Background: Brain growth and structural organization occurs in stages beginning prenatally. Toxicants may impact neurodevelopment differently dependent upon exposure timing and fetal sex.
Objectives: We implemented innovative methodology to identify sensitive windows for the associations between prenatal particulate matter with diameter ≤ 2.5 μm (PM2.5) and children's neurodevelopment.
Methods: We assessed 267 full-term urban children's prenatal daily PM2.5 exposure using a validated satellite-based spatio-temporally resolved prediction model. Outcomes included IQ (WISC-IV), attention (omission errors [OEs], commission errors [CEs], hit reaction time [HRT], and HRT standard error [HRT-SE] on the Conners' CPT-II), and memory (general memory [GM] index and its components - verbal [VEM] and visual [VIM] memory, and attention-concentration [AC] indices on the WRAML-2) assessed at age 6.5±0.98 years. To identify the role of exposure timing, we used distributed lag models to examine associations between weekly prenatal PM2.5 exposure and neurodevelopment. Sex-specific associations were also examined.
Results: Mothers were primarily minorities (60% Hispanic, 25% black); 69% had ≤12 years of education. Adjusting for maternal age, education, race, and smoking, we found associations between higher PM2.5 levels at 31-38 weeks with lower IQ, at 20-26 weeks gestation with increased OEs, at 32-36 weeks with slower HRT, and at 22-40 weeks with increased HRT-SE among boys, while significant associations were found in memory domains in girls (higher PM2.5 exposure at 18-26 weeks with reduced VIM, at 12-20 weeks with reduced GM).

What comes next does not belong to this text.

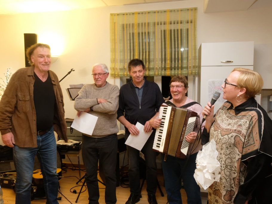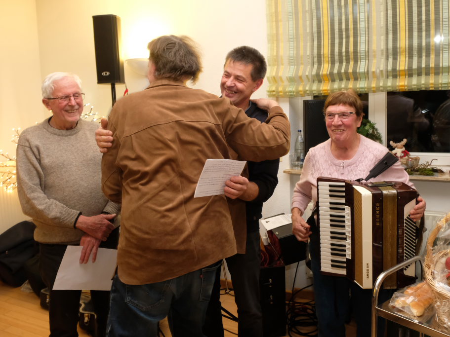 Zur Melodie von Udo Jürgens „Mit 66 Jahren“ entboten sie einen ersten musikalischen Gruß mit speziellem Text: „Vor vielen, vielen, ein hübscher junger Mann als Schulsozialarbeiter zu uns nach Wurzach kam, Und auch Susanne Baur hat viel mit ihm gemacht, sie sagt noch heute, mit dem Ede – des war halt a Sach“ heißt es dazu in der ersten Strophe. Nach dem Prinzip von „Zuckerbrot und Peitsche“ bekam der Geehrte von den Bänkelsängern allerdings in der zweiten Strophe auch seine Jugendsünden aufs musikalische Brot geschmiert: Die Anfänge mussten wohl chaotisch gewesen sein, ausgemachte Treffen wurden von ihm gar nicht oder mit großer Verspätung wahrgenommen worden, wie Susanne Baur aus dem Nähkästchen der Erinnerungen plauderte.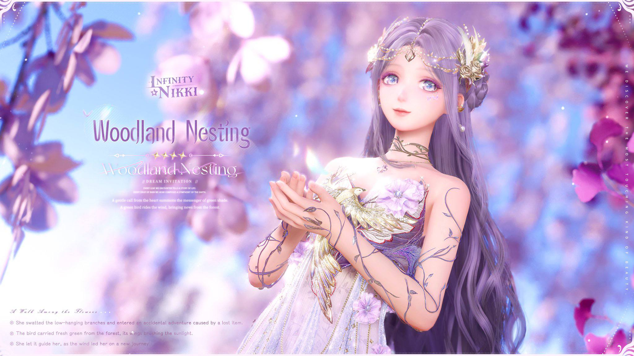 >♾️ Причудливый наряд | Лесное гнёздышко >Основная характеристика: Elegant >Она откинула нависшие ветви и шагнула в неожиданное приключение, начавшееся с потерянной вещи. Птица принесла с собой свежую зелень леса, её крылья касались солнечных лучей. Она позволила ей вести себя — и ветер направил её в новое путешествие. >🕊️ Способность наряда >[Песнь ветра: Причудливость] — мягкий зов сердца призывает посланника из зелёной тени. Зелёная птица несётся на ветру, принося вести из леса. После активации способности Никки призывает зелёную птицу. Она легко парит в потоке ветра, садясь на кончик лианы, готовая мягко поделиться последними лесными историями с близкой подругой.

Conclusions: Increased PM2.5 exposure in specific prenatal windows may be associated with poorer function across memory and attention domains with variable associations based on sex. Refined determination of time window- and sex-specific associations may enhance insight into underlying mechanisms and identification of vulnerable subgroups.
Keywords: Air pollution; Neurodevelopment; Particulate matter; Prenatal exposure; Sensitive windows; Sex-specific associations.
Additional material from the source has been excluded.